There’s really not a whole lot going on this week, other than our usual work stuff. Christi started feeling ill after lunch yesterday, but feels better now. Perhaps she overdid a bit, as her and a friend went out for lunch. It was on the long walk back to her office that she began feeling sick. She’s better this morning, though, and felt better by the time we went to bed last night. I told her she probably should have started back with half-days.
My work week is going much better than last week. There are now thirteen more delivery days on this account. Watch this space for new developments.
Today is World Environment Day.
(From Great Stories from History for Every Day)
Herbert Horatio Kitchener was a great hero in his day. His face was found on posters encouraging people to join the British Army.
He was “avenger of Gordon, reconqueror of the Sudan, hero of Fashoda, protector of the Northwest frontier, Commander-in-Chief in South Africa, Earl Kitchener of Khartoum,” and now he had been appointed Secretary of State for War in the Asquith government, when Great Britain declared war in 1914, following Germany’s invasion of Belgium. There was a sense that Kitchener could not fail at anything; everything he touched was a success. Unfortunately, “he was a warrior of the 19th century facing warfare on an unprecedented industrial scale.” He couldn’t deal with the scale of war that was happening in WWI. The war dragged on, no end in sight, and his influence began slipping, “his colleagues began to challenge his decisions.” Rather than try to get him to resign, Asquith sent him to Russia “to assess the situation on the Eastern Front.” He was traveling on the armored cruiser Hampshire, on this date in 1916, when she struck a mine in the North Sea. She quickly sank, taking virtually everyone down with her. David Fromkin said this of Kitchener: “If he had died in 1914 he would have been remembered as the greatest British general since Wellington. Had he died in 1915 he would have been remembered as the prophet who foretold the nature and duration of the First World War and as the organiser of Britain’s mass army. But in 1916 he had become the ageing veteran of a bygone era who could not cope with the demands placed on him in changing times.”
Today’s birthday is Richard Scarry, born on this date in 1919. Scarry was an author who wrote and illustrated many children’s books, perhaps best known for Best Word Book Ever, I Am A Bunny, and Busy, Busy World. I definitely remember having some of his books when our daughters were children. Scarry passed away in 1994, just shy of his 75th birthday.
Honorable mentions go to Pancho Villa, 1923, Bill Moyers, 1934, and Freddie Stone, 1946.
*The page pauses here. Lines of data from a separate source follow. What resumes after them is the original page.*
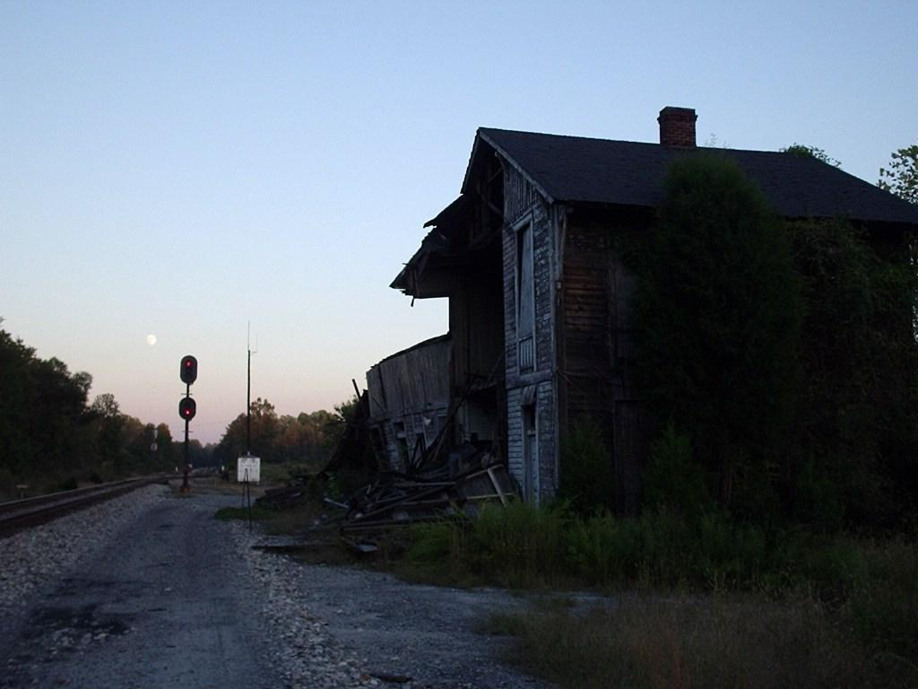 "The sun has set for Providence Forge railroad depot as it is falling apart."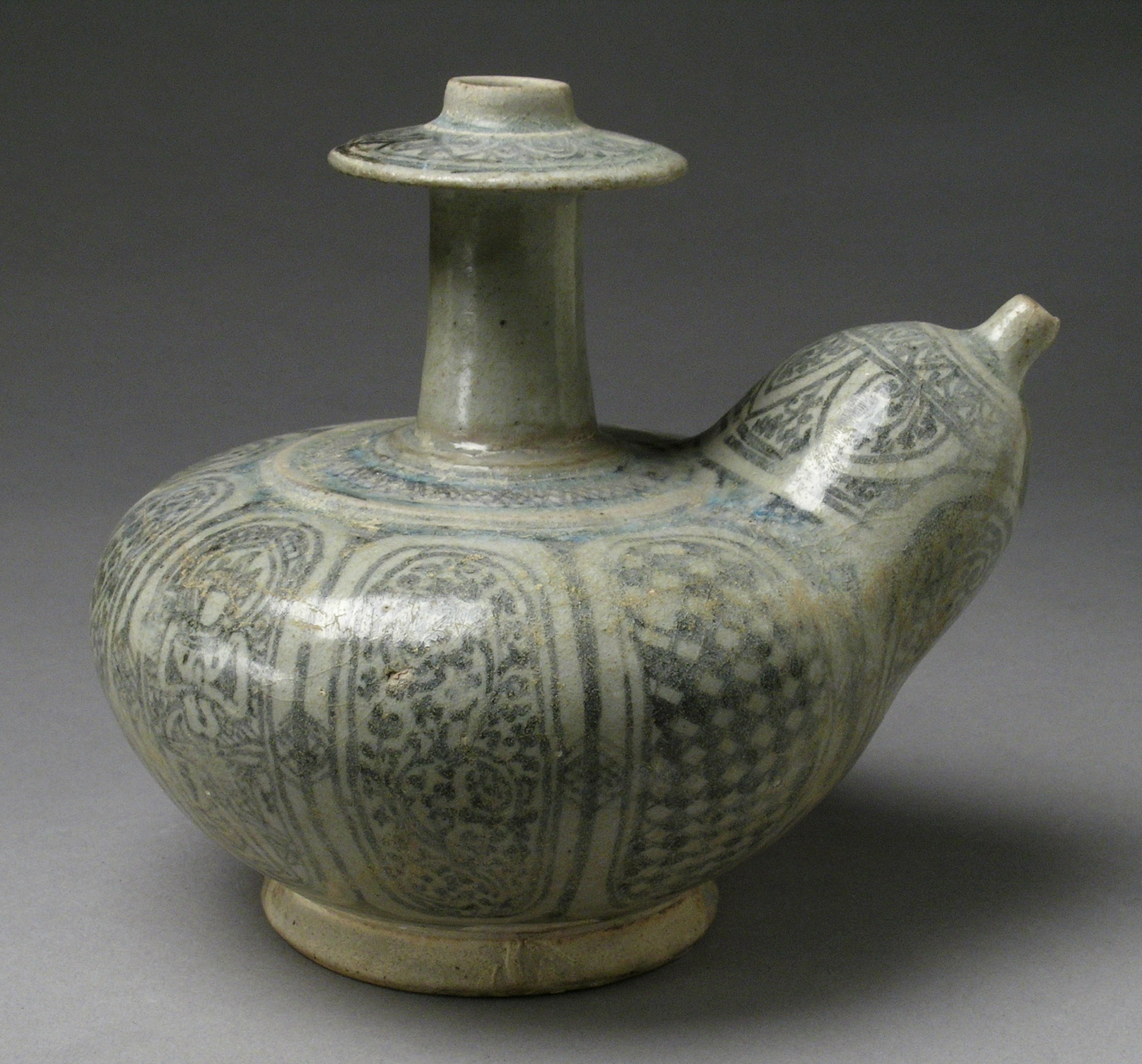 Thailand, Sawankhalok, 16th century Furnishings; Accessories Wheel-thrown stoneware with cream slip, underglaze brown painted decoration, and pale blue glaze Gift of Ambassador and Mrs. Edward E. Masters (M.84.213.65) South and Southeast Asian Art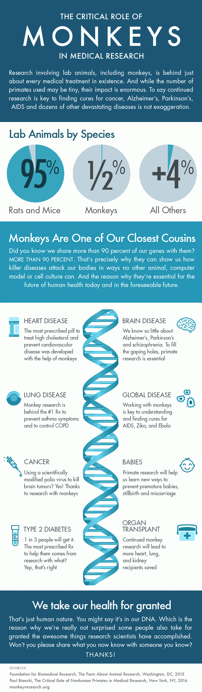 This graphic describes the advances of nonhuman primate research and includes a series of pie charts which depict the percentages of total lab animals by species.

Bless our God, O peoples; let the sound of his praise be heard, who has kept our soul among the living and has not let our feet slip. Psalm 66:8-9
Hasten to me, O God! You are my help and my deliverer; O LORD, do not delay! Psalm 70:5
For you, O Lord, are my hope, my trust, O LORD, from my youth. Upon you I have leaned from before my birth; you are he who took me from my mother’s womb. My praise is continually of you. Psalm 71:5-6
“Be still, and know that I am God. I will be exalted among the nations, I will be exalted in the earth!” Psalm 46:10
Father, you truly have been my hope since the day I came out of my mother’s womb. “My praise is continually of you.” Teach me your ways, Lord, be my help and my deliverer, as I search your words this morning, looking for a glimpse of your face.
Today’s reading in A Year With God begins the second half of the section on the discipline of guidance. The reading is called “Finding the Way.” The scripture reading is Isaiah 30:19-21.
For a people shall dwell in Zion, in Jerusalem; you shall weep no more. He will surely be gracious to you at the sound of your cry. As soon as he hears it, he answers you. And though the Lord give you the bread of adversity and the water of affliction, yet your Teacher will not hide himself anymore, but your eyes shall see your Teacher. And your ears shall hear a word behind you, saying, “This is the way, walk in it,” when you turn to the right or when you turn to the left.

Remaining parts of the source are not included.